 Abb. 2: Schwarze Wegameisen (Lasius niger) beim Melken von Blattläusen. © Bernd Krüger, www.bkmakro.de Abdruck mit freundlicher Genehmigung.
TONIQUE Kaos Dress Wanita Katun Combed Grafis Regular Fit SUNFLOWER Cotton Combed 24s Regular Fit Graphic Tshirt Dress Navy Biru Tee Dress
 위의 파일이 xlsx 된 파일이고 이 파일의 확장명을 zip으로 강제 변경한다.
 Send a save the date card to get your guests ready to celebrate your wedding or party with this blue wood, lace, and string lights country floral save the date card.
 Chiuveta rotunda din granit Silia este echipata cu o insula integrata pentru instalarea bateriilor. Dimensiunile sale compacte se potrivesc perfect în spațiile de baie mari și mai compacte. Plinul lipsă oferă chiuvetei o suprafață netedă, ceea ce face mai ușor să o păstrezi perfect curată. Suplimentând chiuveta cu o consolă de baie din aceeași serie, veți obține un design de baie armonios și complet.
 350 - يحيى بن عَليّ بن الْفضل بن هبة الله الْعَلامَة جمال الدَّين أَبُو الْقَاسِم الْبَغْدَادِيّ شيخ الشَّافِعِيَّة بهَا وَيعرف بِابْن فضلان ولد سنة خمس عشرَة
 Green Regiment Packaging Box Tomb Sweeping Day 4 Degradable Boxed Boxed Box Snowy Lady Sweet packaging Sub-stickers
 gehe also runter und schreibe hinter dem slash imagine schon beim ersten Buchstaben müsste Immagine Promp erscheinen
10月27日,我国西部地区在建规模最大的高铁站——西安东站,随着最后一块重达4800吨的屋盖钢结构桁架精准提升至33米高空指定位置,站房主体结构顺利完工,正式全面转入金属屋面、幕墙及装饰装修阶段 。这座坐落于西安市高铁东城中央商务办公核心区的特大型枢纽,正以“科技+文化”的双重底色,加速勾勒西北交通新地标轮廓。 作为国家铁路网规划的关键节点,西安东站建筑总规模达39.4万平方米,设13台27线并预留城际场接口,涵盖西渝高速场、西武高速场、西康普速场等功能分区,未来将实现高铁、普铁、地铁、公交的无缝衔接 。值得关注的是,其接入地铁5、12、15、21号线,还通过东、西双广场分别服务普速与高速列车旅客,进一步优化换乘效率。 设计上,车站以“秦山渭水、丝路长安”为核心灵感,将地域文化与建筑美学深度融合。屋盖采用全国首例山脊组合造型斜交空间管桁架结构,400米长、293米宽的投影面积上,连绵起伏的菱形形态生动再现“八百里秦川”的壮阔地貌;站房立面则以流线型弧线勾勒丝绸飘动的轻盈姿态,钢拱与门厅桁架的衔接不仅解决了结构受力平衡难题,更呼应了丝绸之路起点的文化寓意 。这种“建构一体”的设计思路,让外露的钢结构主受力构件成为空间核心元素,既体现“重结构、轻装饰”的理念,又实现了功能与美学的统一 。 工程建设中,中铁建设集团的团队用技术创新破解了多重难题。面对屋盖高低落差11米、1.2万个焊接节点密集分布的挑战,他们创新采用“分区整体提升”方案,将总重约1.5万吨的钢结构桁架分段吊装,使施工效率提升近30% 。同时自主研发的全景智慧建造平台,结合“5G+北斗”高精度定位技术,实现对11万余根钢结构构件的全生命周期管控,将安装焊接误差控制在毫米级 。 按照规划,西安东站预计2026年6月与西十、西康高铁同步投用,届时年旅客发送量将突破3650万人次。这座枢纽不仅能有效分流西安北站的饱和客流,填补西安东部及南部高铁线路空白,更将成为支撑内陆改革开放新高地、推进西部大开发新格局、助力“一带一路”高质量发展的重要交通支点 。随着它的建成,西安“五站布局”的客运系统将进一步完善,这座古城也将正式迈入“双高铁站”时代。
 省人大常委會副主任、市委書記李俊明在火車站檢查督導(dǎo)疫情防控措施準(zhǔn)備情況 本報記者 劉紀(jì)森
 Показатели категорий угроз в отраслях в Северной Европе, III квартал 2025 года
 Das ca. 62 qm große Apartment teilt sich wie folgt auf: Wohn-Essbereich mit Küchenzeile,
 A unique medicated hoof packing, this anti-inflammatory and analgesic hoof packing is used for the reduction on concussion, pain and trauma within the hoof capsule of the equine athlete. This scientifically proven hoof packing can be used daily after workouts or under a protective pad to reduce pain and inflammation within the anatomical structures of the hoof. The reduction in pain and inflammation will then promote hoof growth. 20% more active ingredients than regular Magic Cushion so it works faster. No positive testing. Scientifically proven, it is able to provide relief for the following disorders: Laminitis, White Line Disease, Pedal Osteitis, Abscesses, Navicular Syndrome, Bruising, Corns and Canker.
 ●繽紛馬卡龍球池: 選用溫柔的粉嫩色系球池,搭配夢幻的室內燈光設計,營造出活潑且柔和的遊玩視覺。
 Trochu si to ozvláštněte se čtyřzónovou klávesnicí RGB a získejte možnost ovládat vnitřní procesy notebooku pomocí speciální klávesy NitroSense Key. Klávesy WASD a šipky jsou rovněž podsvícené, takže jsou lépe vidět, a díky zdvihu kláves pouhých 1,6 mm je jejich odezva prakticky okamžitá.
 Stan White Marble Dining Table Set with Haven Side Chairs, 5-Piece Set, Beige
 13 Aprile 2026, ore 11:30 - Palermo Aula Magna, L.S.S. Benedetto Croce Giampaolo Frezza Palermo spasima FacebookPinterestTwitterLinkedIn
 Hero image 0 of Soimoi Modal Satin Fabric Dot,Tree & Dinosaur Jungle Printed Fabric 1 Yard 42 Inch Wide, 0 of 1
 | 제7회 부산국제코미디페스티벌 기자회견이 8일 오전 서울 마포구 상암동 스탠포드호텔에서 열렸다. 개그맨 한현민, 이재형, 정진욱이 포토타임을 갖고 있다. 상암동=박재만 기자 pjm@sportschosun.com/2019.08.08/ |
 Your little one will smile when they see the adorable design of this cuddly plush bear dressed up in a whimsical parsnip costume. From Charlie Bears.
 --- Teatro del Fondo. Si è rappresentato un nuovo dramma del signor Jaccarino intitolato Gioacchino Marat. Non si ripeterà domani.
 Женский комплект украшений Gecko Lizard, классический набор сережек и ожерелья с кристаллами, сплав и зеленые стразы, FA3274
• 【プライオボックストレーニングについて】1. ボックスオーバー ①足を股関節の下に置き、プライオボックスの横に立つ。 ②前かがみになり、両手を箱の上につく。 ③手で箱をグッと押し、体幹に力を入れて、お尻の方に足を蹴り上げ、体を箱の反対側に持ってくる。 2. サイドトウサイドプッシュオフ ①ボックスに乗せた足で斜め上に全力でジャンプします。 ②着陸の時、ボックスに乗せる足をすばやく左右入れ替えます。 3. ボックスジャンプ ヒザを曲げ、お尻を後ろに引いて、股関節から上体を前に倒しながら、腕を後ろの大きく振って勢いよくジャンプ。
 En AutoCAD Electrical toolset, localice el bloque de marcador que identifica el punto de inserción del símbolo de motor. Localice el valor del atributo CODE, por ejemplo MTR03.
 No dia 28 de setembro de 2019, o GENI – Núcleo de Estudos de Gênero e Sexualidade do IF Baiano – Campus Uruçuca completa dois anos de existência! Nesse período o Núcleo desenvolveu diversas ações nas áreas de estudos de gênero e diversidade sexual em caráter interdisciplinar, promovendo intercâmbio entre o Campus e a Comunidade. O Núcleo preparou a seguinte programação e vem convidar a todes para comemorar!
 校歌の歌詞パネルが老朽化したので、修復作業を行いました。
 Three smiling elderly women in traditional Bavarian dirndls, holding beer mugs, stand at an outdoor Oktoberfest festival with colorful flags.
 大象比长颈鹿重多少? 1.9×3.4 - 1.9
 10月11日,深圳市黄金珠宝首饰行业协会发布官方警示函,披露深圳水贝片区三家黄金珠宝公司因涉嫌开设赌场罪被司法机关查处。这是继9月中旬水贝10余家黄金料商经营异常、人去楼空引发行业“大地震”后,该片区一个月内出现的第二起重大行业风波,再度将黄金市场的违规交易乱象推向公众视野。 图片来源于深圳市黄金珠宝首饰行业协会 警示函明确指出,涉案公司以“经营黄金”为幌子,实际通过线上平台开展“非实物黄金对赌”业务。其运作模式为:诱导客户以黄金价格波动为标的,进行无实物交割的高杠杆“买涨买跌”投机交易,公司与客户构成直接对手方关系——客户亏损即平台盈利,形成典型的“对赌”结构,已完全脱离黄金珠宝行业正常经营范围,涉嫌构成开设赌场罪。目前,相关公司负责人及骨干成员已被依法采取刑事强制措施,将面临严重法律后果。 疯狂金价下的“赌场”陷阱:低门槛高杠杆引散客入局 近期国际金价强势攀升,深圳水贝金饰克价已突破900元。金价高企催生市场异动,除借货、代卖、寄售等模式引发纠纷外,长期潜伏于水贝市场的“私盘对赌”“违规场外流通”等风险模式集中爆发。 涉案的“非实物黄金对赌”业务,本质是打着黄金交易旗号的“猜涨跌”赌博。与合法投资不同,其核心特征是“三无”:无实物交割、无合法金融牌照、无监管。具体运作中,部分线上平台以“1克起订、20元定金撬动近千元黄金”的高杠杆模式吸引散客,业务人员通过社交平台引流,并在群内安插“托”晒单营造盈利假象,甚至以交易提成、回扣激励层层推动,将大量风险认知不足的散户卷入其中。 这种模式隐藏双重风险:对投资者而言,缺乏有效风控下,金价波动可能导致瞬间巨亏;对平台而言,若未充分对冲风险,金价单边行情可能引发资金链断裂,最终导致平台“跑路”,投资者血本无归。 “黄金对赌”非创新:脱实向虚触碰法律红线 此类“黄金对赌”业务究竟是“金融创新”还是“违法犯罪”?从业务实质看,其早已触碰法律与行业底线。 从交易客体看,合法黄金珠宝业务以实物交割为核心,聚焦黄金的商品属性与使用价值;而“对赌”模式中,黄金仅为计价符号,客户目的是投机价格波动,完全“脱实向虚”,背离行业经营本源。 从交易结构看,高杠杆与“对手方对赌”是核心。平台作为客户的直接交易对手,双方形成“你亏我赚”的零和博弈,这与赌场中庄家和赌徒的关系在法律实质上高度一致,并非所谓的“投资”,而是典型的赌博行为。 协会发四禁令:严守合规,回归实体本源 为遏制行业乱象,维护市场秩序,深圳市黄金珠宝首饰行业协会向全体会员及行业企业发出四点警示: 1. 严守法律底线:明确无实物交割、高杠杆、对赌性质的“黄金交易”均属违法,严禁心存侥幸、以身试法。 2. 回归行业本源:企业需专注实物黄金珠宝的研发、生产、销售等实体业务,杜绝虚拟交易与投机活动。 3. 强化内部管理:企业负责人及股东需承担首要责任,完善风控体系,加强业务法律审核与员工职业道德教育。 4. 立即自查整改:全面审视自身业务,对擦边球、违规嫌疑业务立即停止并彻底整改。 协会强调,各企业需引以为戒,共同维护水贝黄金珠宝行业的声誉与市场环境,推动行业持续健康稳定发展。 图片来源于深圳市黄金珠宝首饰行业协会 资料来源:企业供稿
—————
- _PROBLEM TO WORK ON_
Would you copy out exactly the lines above that start at the one containing "校歌の歌詞パネルが老朽化したので、修復作業を行いました。" and end at the one containing "大象比长颈鹿重多少? 1.9×3.4 - 1.9", inclusive?

- _COMPLETED EXERCISE_
 校歌の歌詞パネルが老朽化したので、修復作業を行いました。
 Three smiling elderly women in traditional Bavarian dirndls, holding beer mugs, stand at an outdoor Oktoberfest festival with colorful flags.
 大象比长颈鹿重多少? 1.9×3.4 - 1.9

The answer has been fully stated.